Moreover, we employed modeling to assist the team in enzyme activity assays and result validation, and we received delightful outcomes: the mutant NicX exhibited increased enzyme activity, confirming the accuracy of active site prediction. Furthermore, the cell surface display system showed no difference in enzyme activity compared to the wild type, but it substantially reduced costs as it eliminated the need for purification steps, highlighting the success of our modeling efforts!
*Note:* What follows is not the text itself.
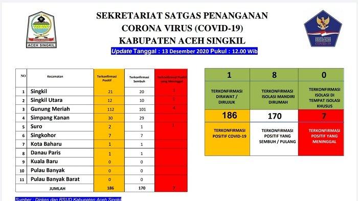 "Terkonfirmasi positif yang meninggal tujuh orang," kata Kepala Pelaksana Badan Penanggulangan Bencana Daerah (Kalak BPBD) Aceh Singkil, Mohd Ichsan, Minggu (13/12/2020).

Structural Biology Predictive Analysis
Following an extensive review and analysis of existing data, we have considered point mutations as one of the strategies to optimize NicX's enzymatic efficiency. However, up to this stage, there is no literature available that has conducted X-ray crystallography (XRD) experiments on NicX's protein structure. Consequently, there is no data regarding the active sites. While high-throughput screening is a feasible approach, to achieve maximum efficiency, we have chosen to use protein folding simulations to obtain the protein structure and identify the active sites through molecular docking.

AlphaFold
AlphaFold is an artificial intelligence-based protein folding simulation algorithm, and it's the algorithm we've used. Its fundamental principle involves extracting features from the amino acid sequence, calculating distances and angle distributions between amino acids, constructing an evaluation function, and ultimately optimizing it to convergence using gradient descent, resulting in angle pairs and forming the final topological structure. In numerous practical applications, AlphaFold has achieved a level of accuracy that is generally considered reliable.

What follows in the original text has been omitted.